Source records:
----------
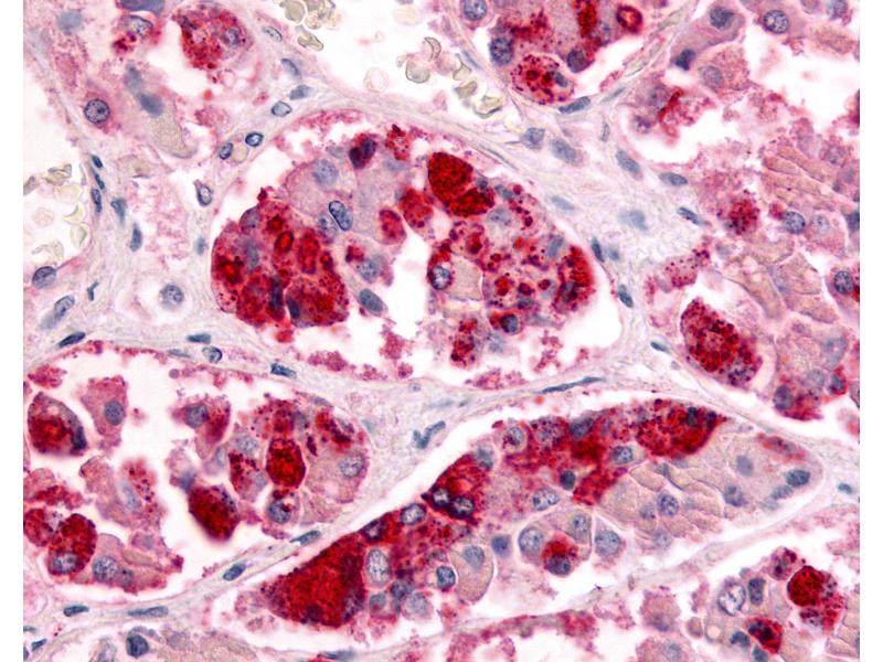 Usage: Immunohistochemistry: This antibody was validated for use in immunohistochemistry on a panel of 21 formalin-fixed, paraffin-embedded (FFPE) human tissues after heat induced antigen retrieval in pH 6.0 citrate buffer. After incubation with the primary antibody, slides were incubated with biotinylated secondary antibody, followed by alkaline phosphatase-streptavidin and chromogen. The stained slides were evaluated by a pathologist to confirm staining specificity. The optimal working concentration for this antibody was determined to be 5 μg/mL. -
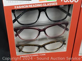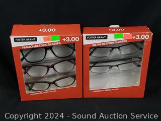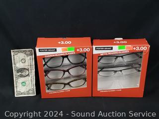 Lot #0277: 5 Foster Grant +3.0 Reading Glasses w/2 Cases
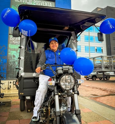 Por su parte, el motocarguero, marca AKT y de color gris, se integra como un recurso ágil y versátil para la recolección en zonas de difícil acceso o con menor volumen de material. Este vehículo permitirá optimizar tiempos, facilitar la cobertura en diferentes sectores y complementar de manera estratégica el trabajo desarrollado con el vehículo furgón.
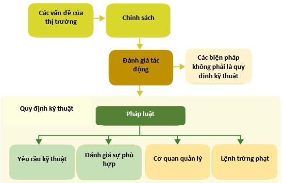 Ở Việt Nam có 12 danh mục hàng hóa thuộc diện quản lý của các bộ/ngành liên quan đến xây dựng quy chuẩn kỹ thuật. Những danh mục này đôi khi bao gồm các sản phẩm giống nhau, ví dụ: phụ gia sữa do Bộ Công Thương và Bộ Y tế quy định; sơn do Bộ Công Thương quy định (chủ yếu về thành phần hóa học) và Bộ Xây dựng; một số máy nông nghiệp do Bộ Công Thương, Bộ Nông nghiệp và Phát triển Nông thôn, Bộ Giao thông Vận tải quản lý. Do đó, các quy chuẩn kỹ thuật khác nhau được áp dụng cho các sản phẩm này. Điều này dẫn đến sự chồng chéo trong thử nghiệm, vấn đề trùng lặp thử nghiệm trong phòng thí nghiệm, công nhận kết quả thử nghiệm và các phòng thí nghiệm được chỉ định.
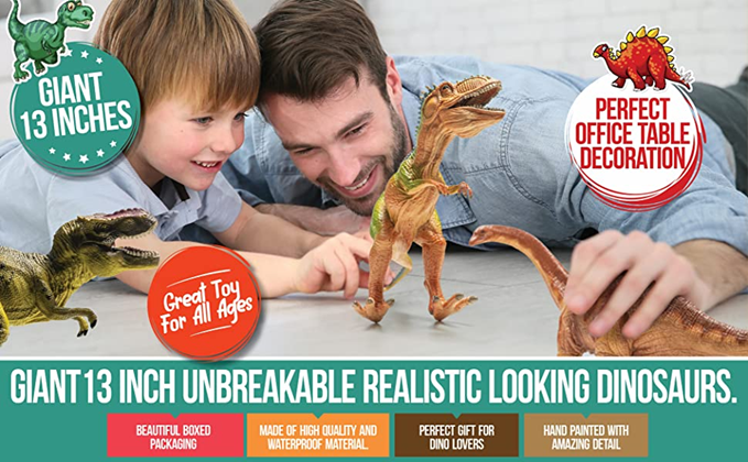 4 Prextex Brand Jumbo 13” dinosaurs- inspire imaginative play and curiosity about science.
----------
ABOUT THIS TASK:
Above are some records. Output exactly the lines from the one that contains "Por su parte, el" to the one that contains "Ở Việt Nam có", keeping both, and omit the pictures.

WRITTEN RESPONSE:
 Por su parte, el motocarguero, marca AKT y de color gris, se integra como un recurso ágil y versátil para la recolección en zonas de difícil acceso o con menor volumen de material. Este vehículo permitirá optimizar tiempos, facilitar la cobertura en diferentes sectores y complementar de manera estratégica el trabajo desarrollado con el vehículo furgón.
 Ở Việt Nam có 12 danh mục hàng hóa thuộc diện quản lý của các bộ/ngành liên quan đến xây dựng quy chuẩn kỹ thuật. Những danh mục này đôi khi bao gồm các sản phẩm giống nhau, ví dụ: phụ gia sữa do Bộ Công Thương và Bộ Y tế quy định; sơn do Bộ Công Thương quy định (chủ yếu về thành phần hóa học) và Bộ Xây dựng; một số máy nông nghiệp do Bộ Công Thương, Bộ Nông nghiệp và Phát triển Nông thôn, Bộ Giao thông Vận tải quản lý. Do đó, các quy chuẩn kỹ thuật khác nhau được áp dụng cho các sản phẩm này. Điều này dẫn đến sự chồng chéo trong thử nghiệm, vấn đề trùng lặp thử nghiệm trong phòng thí nghiệm, công nhận kết quả thử nghiệm và các phòng thí nghiệm được chỉ định.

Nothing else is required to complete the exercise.